## Requirement
Transcribe the entries exactly; images are not part of the copy.

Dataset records

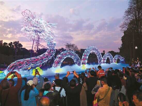 ■2日傍晚,越秀公园的百米巨龙亮灯,迎来众多市民前来观赏。 |
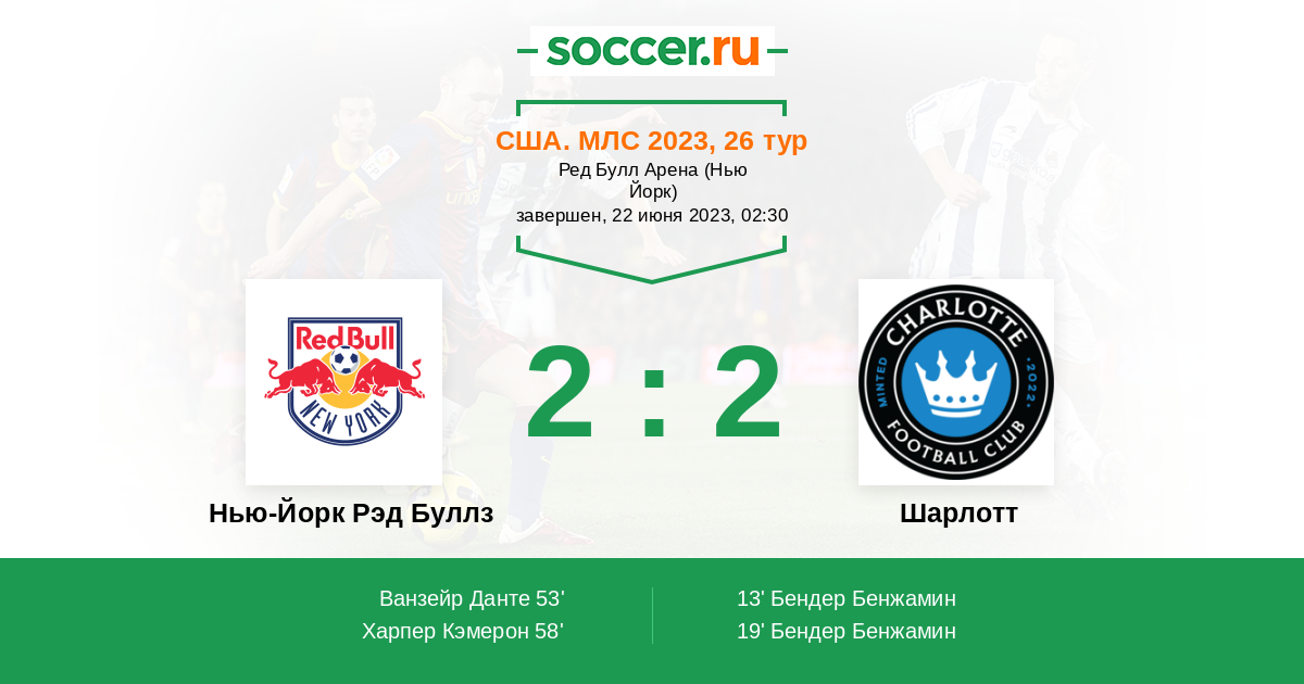 Протокол матча Нью-Йорк Рэд Буллз против Шарлотт
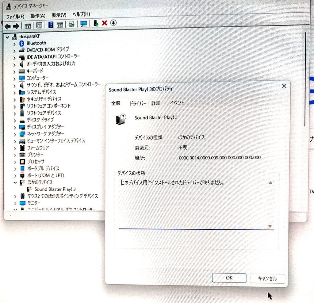 デバイスマネージャーの画面表示
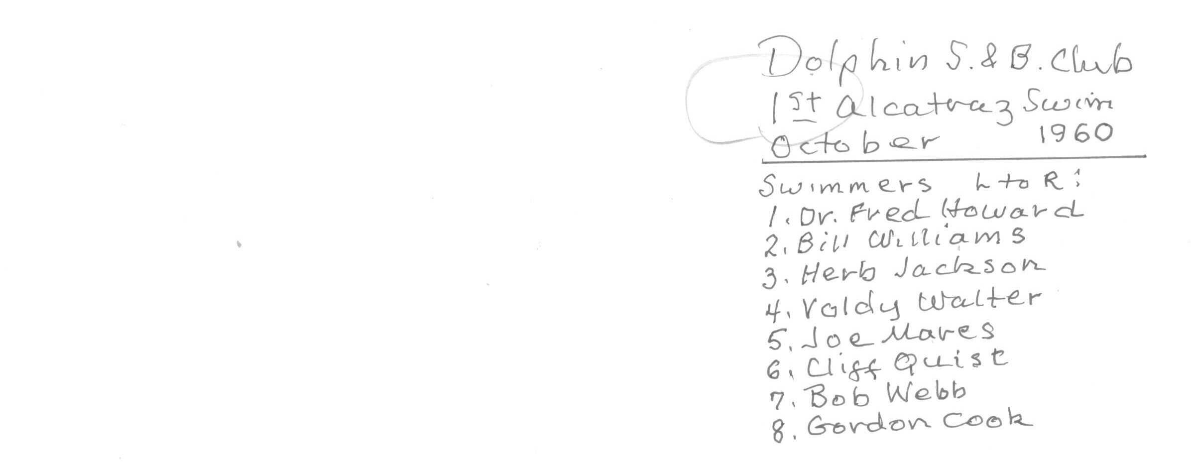 First Alcatraz Swim 1960 won by Bill WilliamsSubject Person or Organization
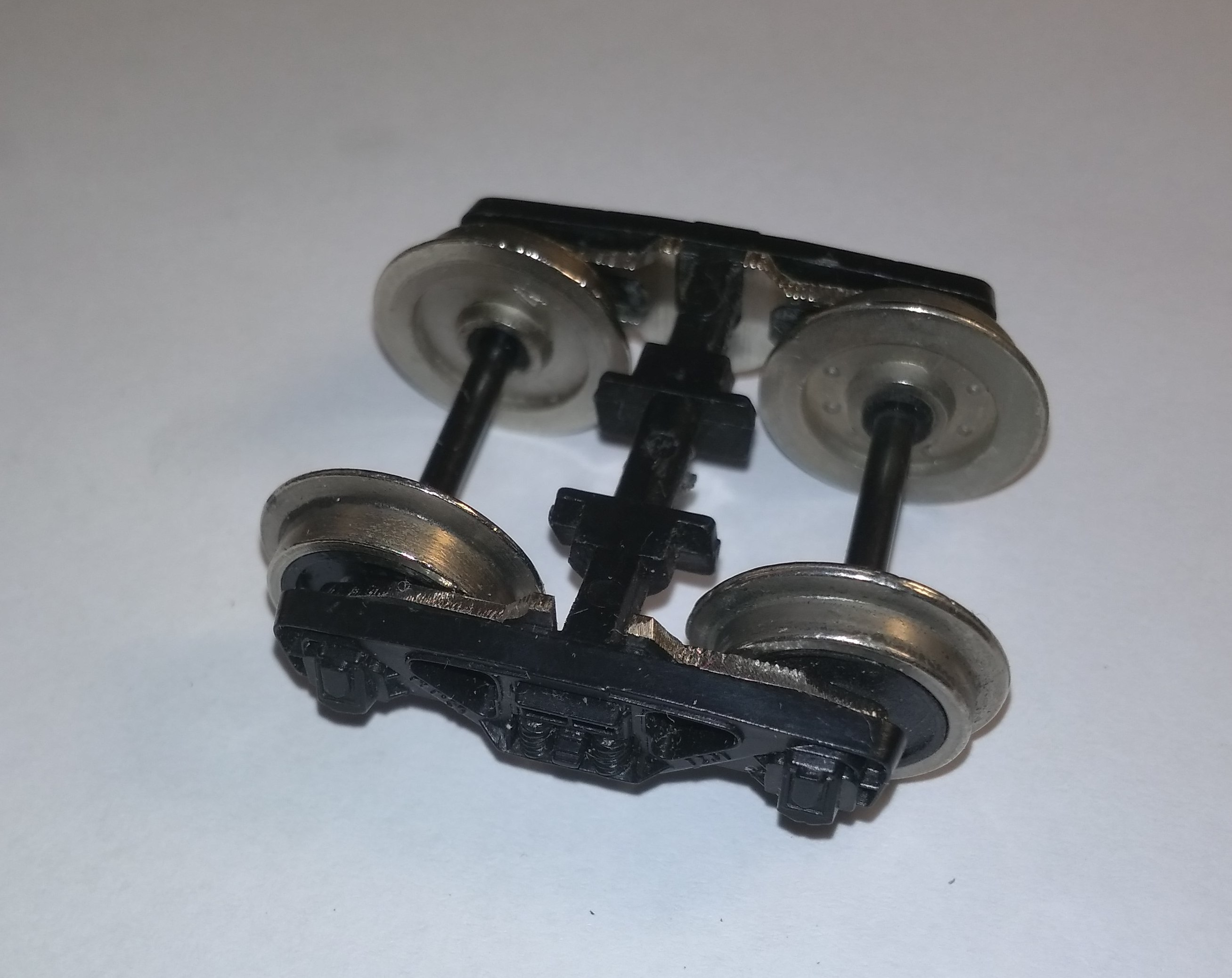 Вставил в тележки металлические держатели. Нержавка 1мм, упругая. Надёжный неокисляющийся контакт.

## Exercise answer
 ■2日傍晚,越秀公园的百米巨龙亮灯,迎来众多市民前来观赏。 |
 Протокол матча Нью-Йорк Рэд Буллз против Шарлотт
 デバイスマネージャーの画面表示
 First Alcatraz Swim 1960 won by Bill WilliamsSubject Person or Organization
 Вставил в тележки металлические держатели. Нержавка 1мм, упругая. Надёжный неокисляющийся контакт.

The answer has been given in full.